### INFORMATION PROVIDED
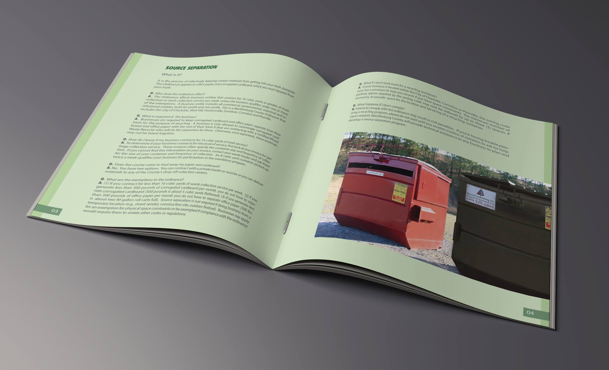 Developed an integrated print campaign to support a community recycling initiative, focused on education and service awareness. Deliverables included a series of print advertisements and a custom saddle-stitched, multi-page booklet distributed to local households.Scope included concept development, art direction, and design across all materials. The booklet served as the primary educational piece, presenting clear, accessible information on proper recycling practices and available services.The final campaign created a cohesive visual system that informed and engaged the community while reinforcing consistent messaging across all touchpoints.
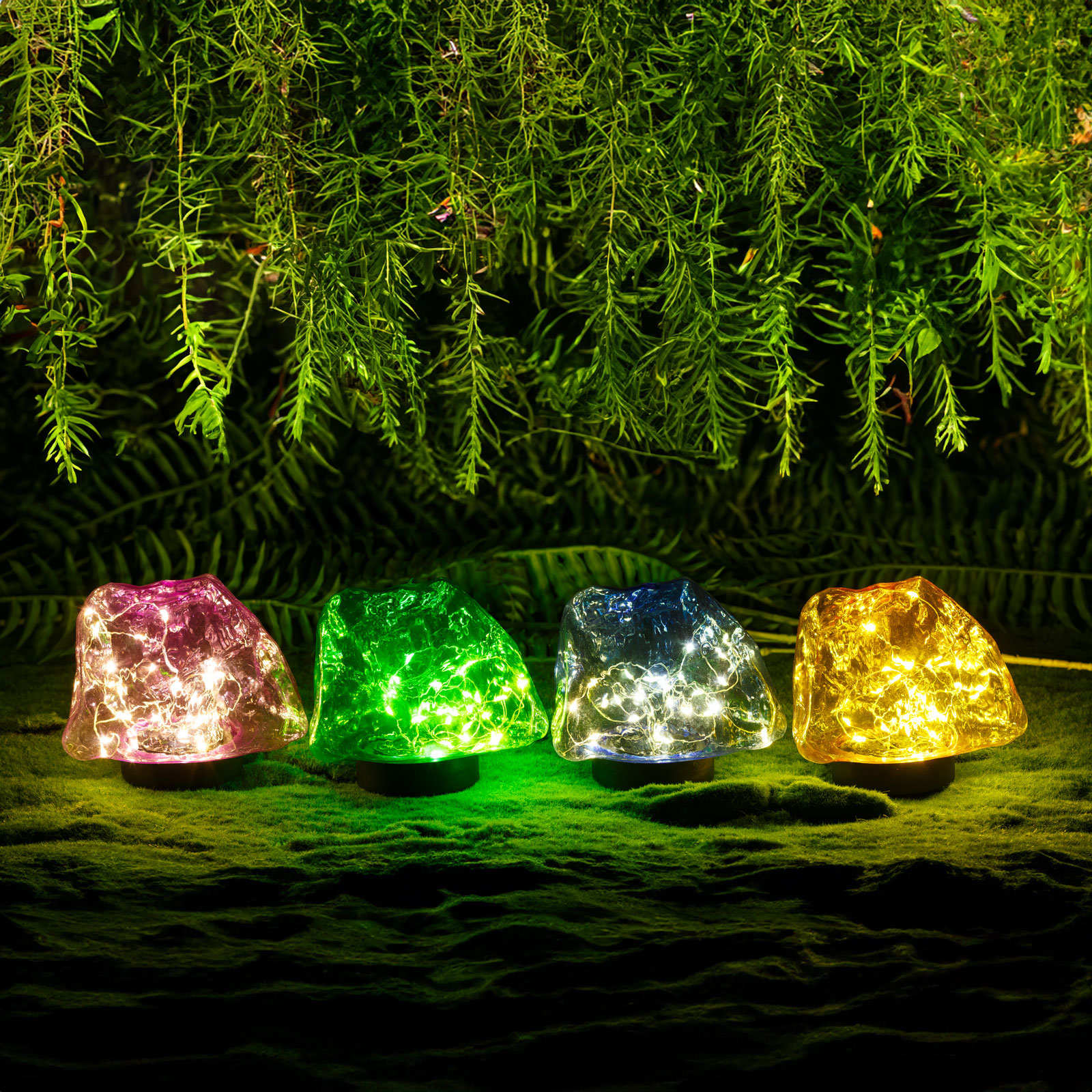 - 1ks Zapichovacia solárna lampa – tvar kameňa – farebná – 140 x 120 x 120 mm – teplá biela LED
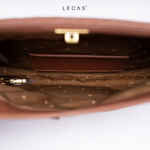 • Interior: One large zippered compartment with a small inner pocket. Additionally, when the flap (which also serves as the bag opening) is opened, there is a zippered front pocket.
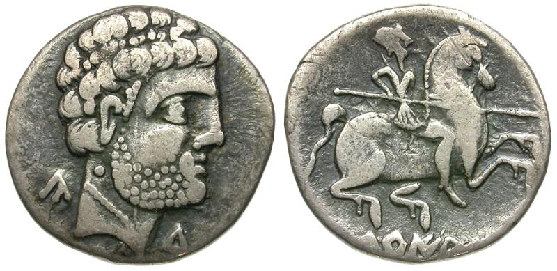 Reverse: Warrior holding spear on horse galloping right; TURIASU in Iberian below

### WHAT YOU SHOULD DO
Print the complete listing exactly as it stands, without its pictures.

### SOLUTION TO THIS EXERCISE
 Developed an integrated print campaign to support a community recycling initiative, focused on education and service awareness. Deliverables included a series of print advertisements and a custom saddle-stitched, multi-page booklet distributed to local households.Scope included concept development, art direction, and design across all materials. The booklet served as the primary educational piece, presenting clear, accessible information on proper recycling practices and available services.The final campaign created a cohesive visual system that informed and engaged the community while reinforcing consistent messaging across all touchpoints.
 - 1ks Zapichovacia solárna lampa – tvar kameňa – farebná – 140 x 120 x 120 mm – teplá biela LED
 • Interior: One large zippered compartment with a small inner pocket. Additionally, when the flap (which also serves as the bag opening) is opened, there is a zippered front pocket.
 Reverse: Warrior holding spear on horse galloping right; TURIASU in Iberian below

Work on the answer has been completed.